Genitourinary Syndrome of Menopause: Current Treatment Options in Breast Cancer Survivors - Systematic Review.

机构信息

Clinic Institute of Gynecology, Obstetrics and Neonatology, Faculty of Medicine-University of Barcelona, Hospital Clinic-Institut d'Investigacions Biomèdiques August Pi i Sunyer (IDIBAPS), Barcelona, Spain.

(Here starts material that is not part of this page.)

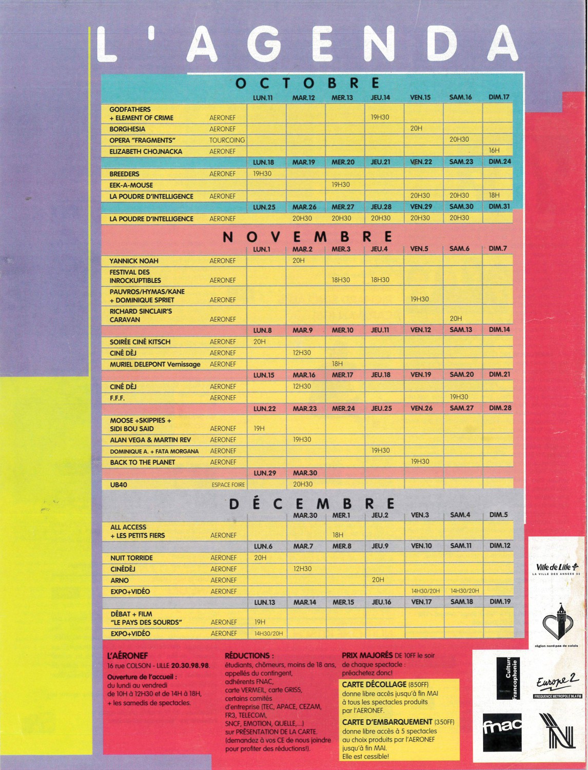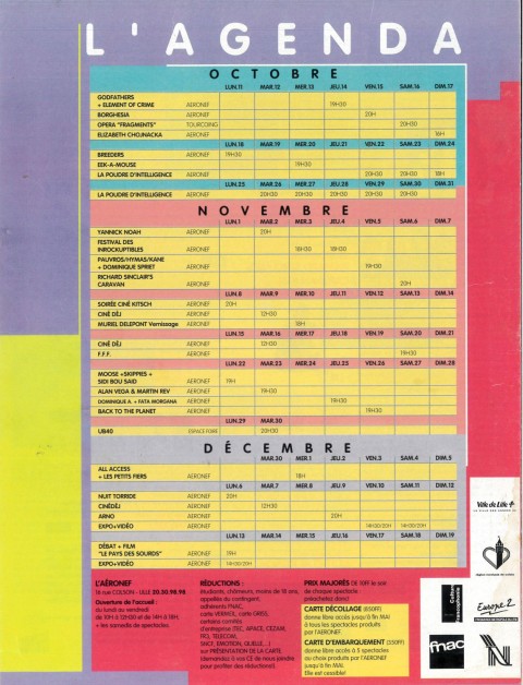 A4 20.5 x 28 cm 6 pages → Offset ↪ FR ↪ 59 ↪ Lille Parution en octobre 1993Programme Octobre Décembre Numerisation : Oui (300 dpi) Collection privée PLUS MOINS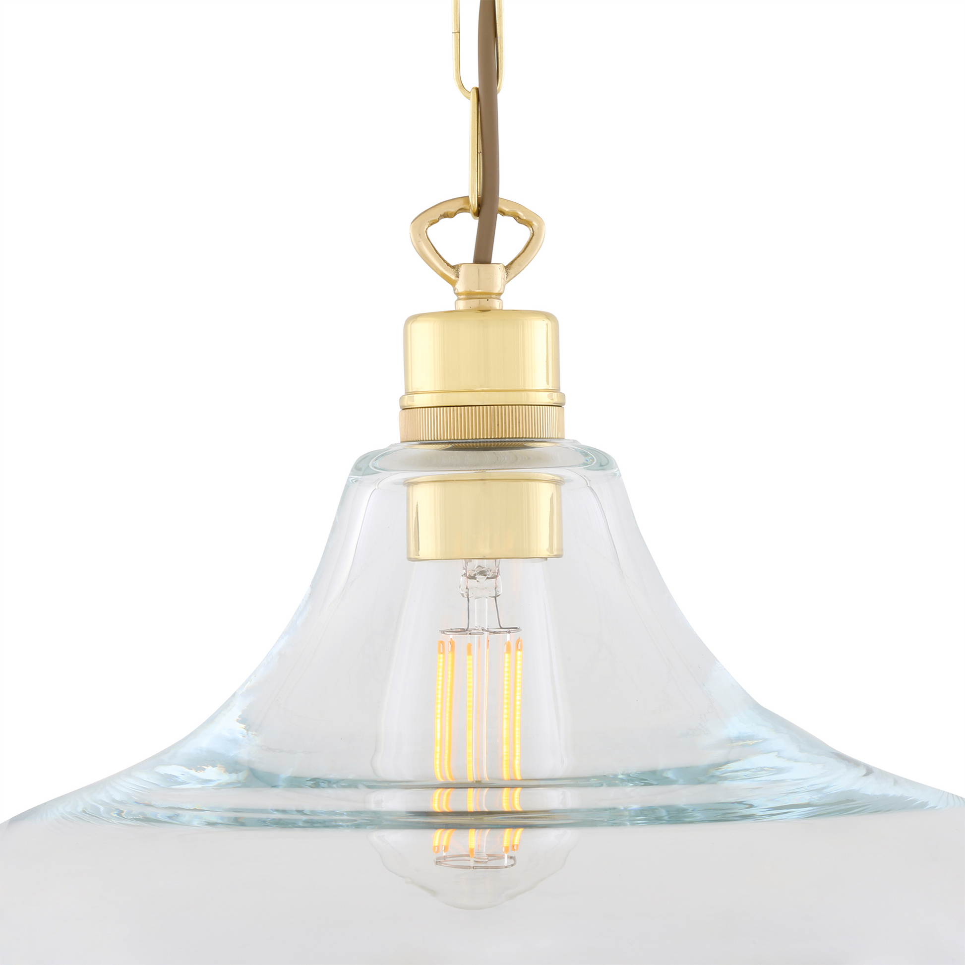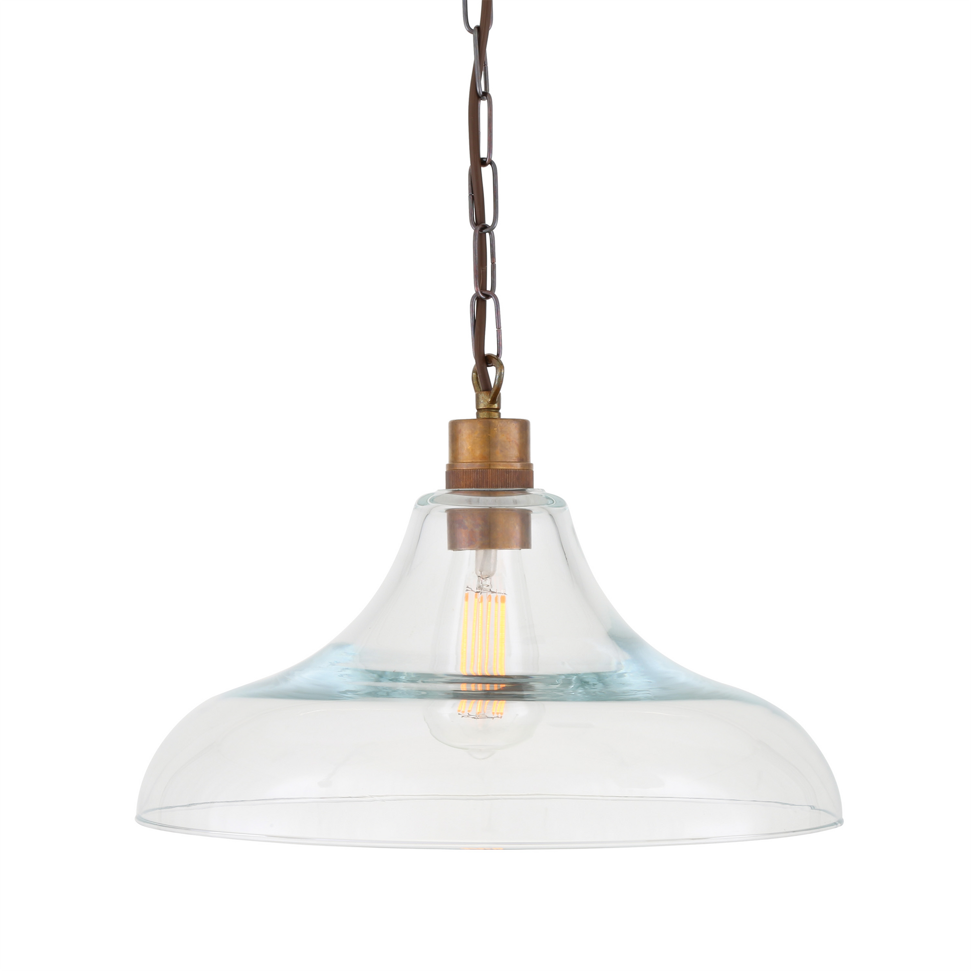 Inspired by classic railway lighting, this pendant combines a wide clear glass shade with a solid brass lamp holder, creating a strong yet balanced profile. The curved glass form allows the bulb to remain visible while delivering an open, even spread of light with minimal visual weight.

Clinic Institute of Gynecology, Obstetrics and Neonatology, Faculty of Medicine-University of Barcelona, Hospital Clinic-Institut d'Investigacions Biomèdiques August Pi i Sunyer (IDIBAPS), Barcelona, Spain.

出版信息

Maturitas. 2021 Jan;143:47-58. doi: 10.1016/j.maturitas.2020.08.010. Epub 2020 Aug 20.

Abstract

Breast cancer survivors (BCS) usually receive treatments which lead to persistent oestrogen suppression, which may cause atrophic vaginitis in a large proportion of these women. The most effective treatments for vulvovaginal atrophy (VVA) are based on local oestrogen therapy. However, these treatments are restricted in BCS due to the controversy over their use in women who had hormone-dependent tumours. Therefore, it is common to find untreated symptoms that affect sexual function and quality of life in BCS, thereby leading to the discontinuation of anti-oestrogenic treatments. This systematic review aims to discuss the current treatment options available for the genitourinary syndrome of menopause (GSM) in BCS. A comprehensive literature search was conducted electronically using Embase and PubMed to retrieve studies assessing treatment options for GSM or VVA in BCS up to April 2020. Studies evaluating treatments in different BCS cohorts were excluded. A total of 29 studies were finally included in the review. Non-hormonal treatments are the first-line treatment for VVA, but when these are not effective for symptom relief, other options can be considered, such as local oestrogen, erbium laser or CO2 laser and local androgens. The present data suggest that these therapies are effective for VVA in BCS; however, safety remains controversial and a major concern with all of these treatments.

摘要

乳腺癌幸存者(BCS)通常接受导致持续性雌激素抑制的治疗,这可能导致这些女性中很大一部分发生萎缩性阴道炎。治疗外阴阴道萎缩(VVA)最有效的方法是基于局部雌激素治疗。然而,由于这些治疗方法在患有激素依赖性肿瘤的女性中使用存在争议,因此在 BCS 中受到限制。因此,在 BCS 中经常会发现未经治疗的症状,这些症状会影响性功能和生活质量,从而导致抗雌激素治疗的停止。本系统评价旨在讨论目前针对 BCS 中的绝经后女性生殖泌尿系统综合征(GSM)的可用治疗选择。使用 Embase 和 PubMed 进行了全面的文献检索,以检索评估 BCS 中 GSM 或 VVA 治疗选择的研究,截至 2020 年 4 月。排除了评估不同 BCS 队列中治疗方法的研究。共有 29 项研究最终纳入了综述。非激素治疗是 VVA 的一线治疗方法,但如果这些方法不能有效缓解症状,可以考虑其他选择,如局部雌激素、铒激光或二氧化碳激光以及局部雄激素。目前的数据表明,这些疗法对 BCS 中的 VVA 有效;然而,安全性仍然存在争议,所有这些治疗方法都存在主要问题。